The recent increase in the use of telehealth as a modality of care has been significant for patients and providers, with significant public health benefits. However, with the growing acceptance of virtual care by the general public, the Office of Inspector General (OIG) of the US Department of Health and Human Services, the Department of Justice (DOJ) and other federal regulators have also strengthened the fight against fraud in this area, in particular through the recent publication of the OIG Special Fraud Alert (SFA).
The proliferation of telehealth services during the COVID-19 pandemic has heightened government oversight in this area, although many enforcement actions have also targeted pre-pandemic behaviors. Specifically, the DOJ has focused its enforcement on purported telemedicine companies hiring physicians to perform minimal encounters and prescribe medically unnecessary durable medical equipment (DME), prescription creams, diabetic supplies, or laboratory services and genetic tests that are ultimately billed to government payers, including Medicare. and Medicaid. On July 20, 2022, DOJ announced charges against 36 defendants across the United States, alleging fraudulent schemes totaling more than $1.2 billion. Together with the DOJ, BIG issued the SFA outlining suspicious characteristics of alleged telemedicine companies engaged in such fraudulent schemes.
The SFA describes a common pattern in which so-called “telemedicine companies” craft deals with unscrupulous or unwitting clinicians to order or prescribe items and services based on limited interactions and regardless of medical necessity. Some of these arrangements involve these fraudulent actors asking clinicians to prescribe pre-selected items or services, while other arrangements do not allow clinicians to review legitimate patient medical records before making a prescribing decision.
In the SFA, the OIG identifies a non-exhaustive list of seven “suspicious characteristics” that suggest an increased risk of fraud and abuse, including the following:
- Patients are identified and recruited through call centers, health fairs, recruiters, telemarketing channels or social media advertising free or low cost items or services.
- Lack of sufficient contact with patients to assess the medical necessity of prescribed items or services.

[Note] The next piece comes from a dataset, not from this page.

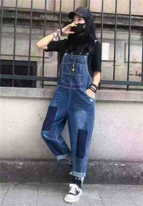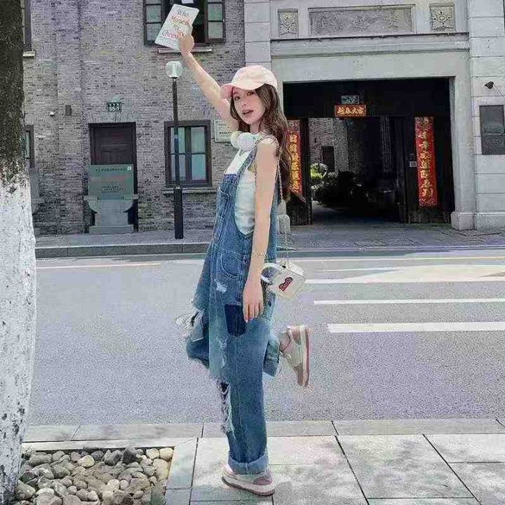 春秋新款网红复古宽松百搭设计款背带牛仔裤,独立包装...

- Compensation based on volumes of items or services ordered or prescribed.
- Refusal to accept insurance from payors not affiliated with federal health care programs.
- Misrepresentation of whether the company actually bills federal health care programs.

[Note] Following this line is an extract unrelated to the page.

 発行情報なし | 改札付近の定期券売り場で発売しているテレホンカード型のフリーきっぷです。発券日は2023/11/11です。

- Predetermine or limit the types of products or services that clinicians can prescribe, such as limiting prescriptions to certain EMRs or topical creams.
- Do not expect, allow or require clinicians to follow up on patients.
The SFA is an important tool for distinguishing between legitimate telehealth models and potentially fraudulent telemarketing companies claiming to sell health products. Although the OIG does not acknowledge it, there are clear distinctions between genuine telehealth providers and bogus operations that only do telemarketing. Especially as more telehealth providers participate in federal health care programs and as Medicare and Medicaid cover more service modalities, including audio-only encounters and store-and-forward services, providers telehealth professionals will need to use a variety of tools to provide care. While this can create efficiencies, especially in conjunction with value-based care programs, it also increases the risk that telehealth platforms will come under scrutiny from the OIG and the DOJ.
In anticipation of law enforcement and whistleblower activities that will attempt to take advantage of the SFA, telehealth providers should reassess their operations and compliance activities with respect to the provision of services or the ordering of products, tests and prescription drugs. In particular, telehealth providers should assess the types of items or services included in formularies, “do not prescribe” lists and other prescribing policies, monitor the duration of patient encounters, and implement controls, such as peer audits or quality assurance committees, to ensure that prescribed items and services are medically necessary.